For clinical use, commercial SPIO and USPIO products were available a few years ago, but these products have been taken of the market. The USPIO particles used in the present study (IODEX) were developed for clinical use and can be used as such, when produced under Good Manufacturing Practice (GMP) conditions. The IODEX particles are designed to remain stable for months without releasing the iron core. This is achieved with additional cross-linking of the dextran coating with epichlorohydrin [26]. In addition, the highly cationic HIV-tat peptide was used for internalization of intracellular MRI contrast agents [28]. This has a much higher cellular uptake than traditionally used such as poly-L-lysine or protamine sulfate.
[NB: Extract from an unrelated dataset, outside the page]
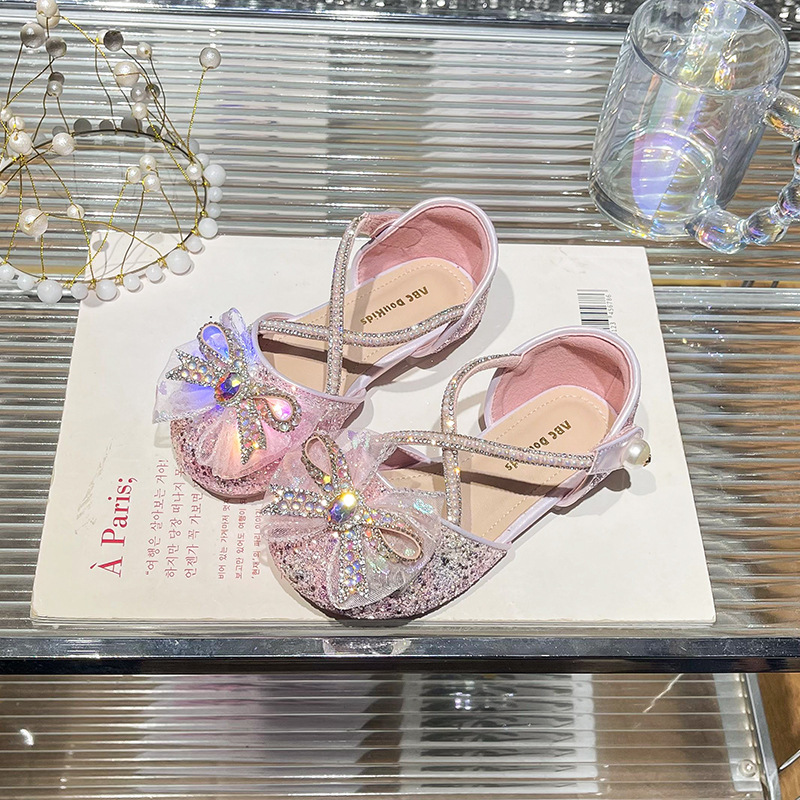 여아 발광 샌들 2026 여름 신상 여아용 리본 장식 앞코 덮개 샌들 어린이용 달콤한 라이트업 워터스톤 슈즈스토어 가기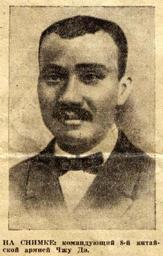 Keywords: Zhu De1937.jpg en Chinese Communist military leader Zhu De ru Командующий 8-й ационально- еволюционной а мией Чжу Дэ Известия 3 октяб я 1937г russian magazine Известия Author 1937 PD-Old Zhu De

As an intracellular contrast agent for nonphagocytic cells, we find that USPIO particles might be more suitable than SPIO particles for clinical use. In a comparison study, USPIO particles exhibited significantly higher uptake in nonphagocytic cells compared to SPIO particles [24]. These data suggest that smaller particles are internalized more efficiently into nonphagocytic cells. In contrast, another study found that uptake of SPIO was better than USPIO for nonphagocytic cells [36]. In this study, however, cells were only incubated for 4 hours, which may explain the lower USPIO uptake. As demonstrated in the present study, a longer incubation time is needed for optimal labeling with USPIO particles. For labeling of phagocytic cells though, SPIO particles might be more suitable, as SPIO particles are easily recognized and internalized into monocytes and macrophages [37]. Another advantage of USPIO particles is that they have longer plasmatic half-life (>36 hours) and this allows for longer cell tracking observation periods [25].

5. Conclusions

The present study demonstrated that to label MSCs for MRI tracking, the preferable USPIO incubation time and dosage were 21 hours and 10 μg USPIO per 105 MSCs, respectively. In porcine myocardial tissue, the USPIO labeled MSC could be visualized on MRI, whereas unlabeled cells could not. Clinical studies should be conducted, with MRI tracking of myocardial injected USPIO labeled MSCs in patients with heart disease to obtain important information on retention, migration, and efficacy of the cells after implantation.

Conflict of Interests

The authors declare that they have no conflict of interests.


The authors would like to thank chief physician Niels Fogh-Andersen, Department of Clinical Biochemistry, Herlev Hospital, Denmark for assistance with quantification of cellular iron content and lending of equipment.